• _WORK TASK_
The required output is the exact text of the lines from the line containing "Please join Holland" through the final line below, inclusive, without pictures.

++++ COLLECTED MATERIAL

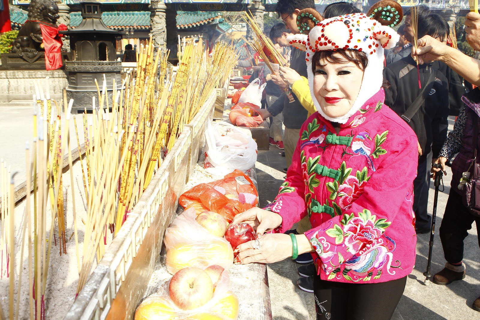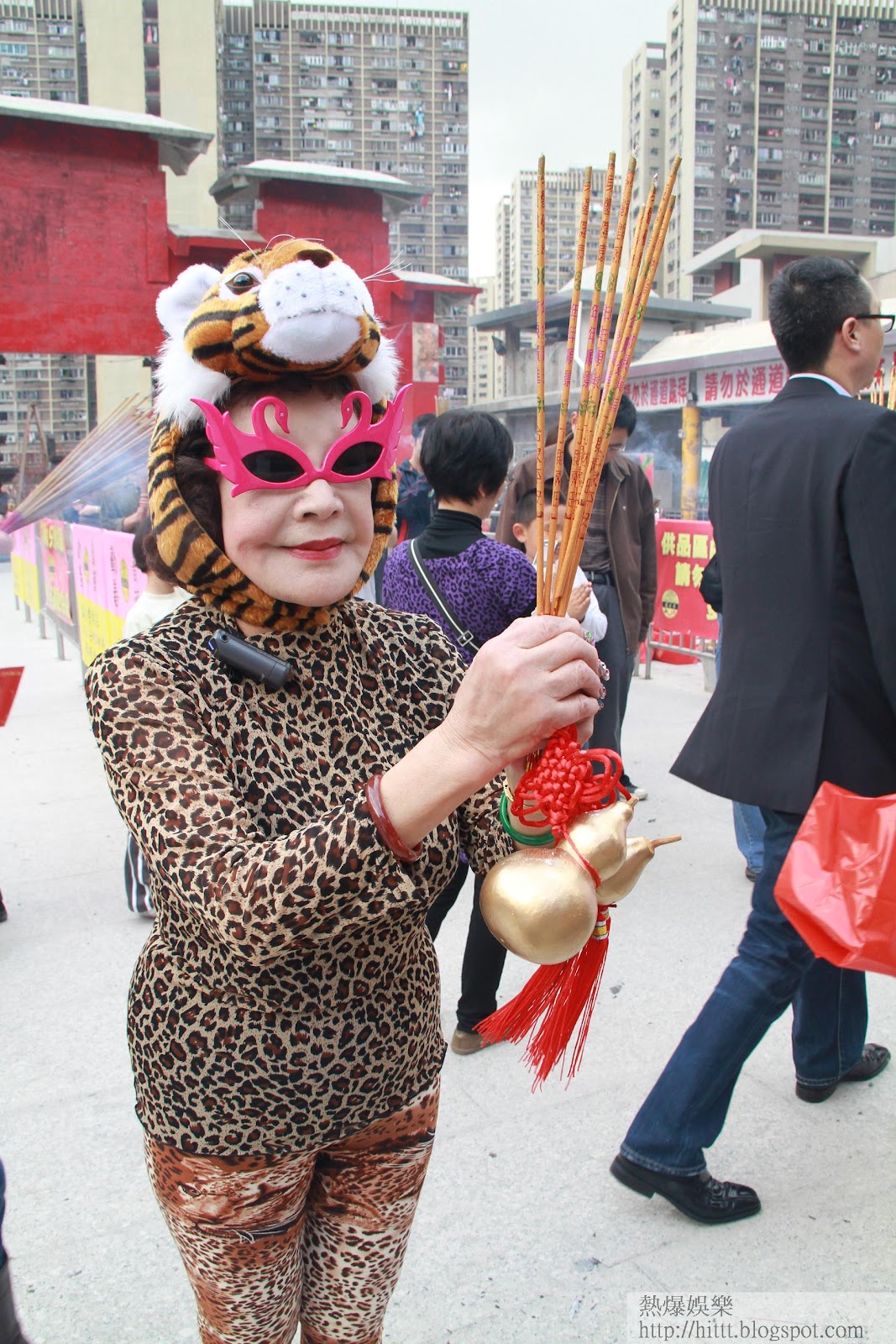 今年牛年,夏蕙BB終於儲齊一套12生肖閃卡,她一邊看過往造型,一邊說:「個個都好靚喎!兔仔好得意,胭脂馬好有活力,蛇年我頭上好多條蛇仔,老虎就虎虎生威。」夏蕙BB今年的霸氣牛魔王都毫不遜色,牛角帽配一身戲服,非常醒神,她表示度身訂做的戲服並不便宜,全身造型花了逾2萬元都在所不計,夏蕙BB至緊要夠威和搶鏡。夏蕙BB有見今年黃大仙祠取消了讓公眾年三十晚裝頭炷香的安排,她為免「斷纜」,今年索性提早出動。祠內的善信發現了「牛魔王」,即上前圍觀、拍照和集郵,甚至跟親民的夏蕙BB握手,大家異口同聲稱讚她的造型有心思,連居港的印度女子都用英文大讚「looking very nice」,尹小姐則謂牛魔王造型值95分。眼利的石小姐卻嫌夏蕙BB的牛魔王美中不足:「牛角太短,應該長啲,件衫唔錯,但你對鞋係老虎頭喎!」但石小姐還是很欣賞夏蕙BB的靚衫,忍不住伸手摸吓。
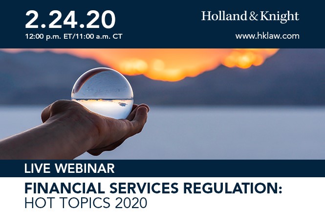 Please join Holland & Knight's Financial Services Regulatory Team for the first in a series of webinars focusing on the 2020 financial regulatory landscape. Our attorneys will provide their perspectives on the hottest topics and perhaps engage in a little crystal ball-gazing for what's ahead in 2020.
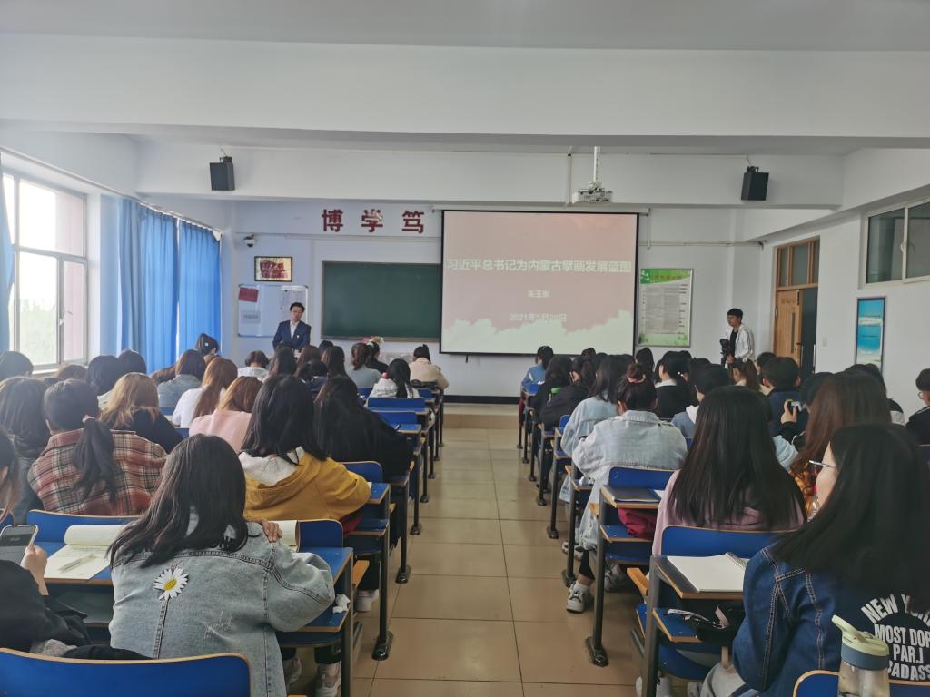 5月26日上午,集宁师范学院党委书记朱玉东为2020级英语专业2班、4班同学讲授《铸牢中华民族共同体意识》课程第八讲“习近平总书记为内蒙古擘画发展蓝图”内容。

++++++++

• _EXERCISE RESULT_
 Please join Holland & Knight's Financial Services Regulatory Team for the first in a series of webinars focusing on the 2020 financial regulatory landscape. Our attorneys will provide their perspectives on the hottest topics and perhaps engage in a little crystal ball-gazing for what's ahead in 2020.
 5月26日上午,集宁师范学院党委书记朱玉东为2020级英语专业2班、4班同学讲授《铸牢中华民族共同体意识》课程第八讲“习近平总书记为内蒙古擘画发展蓝图”内容。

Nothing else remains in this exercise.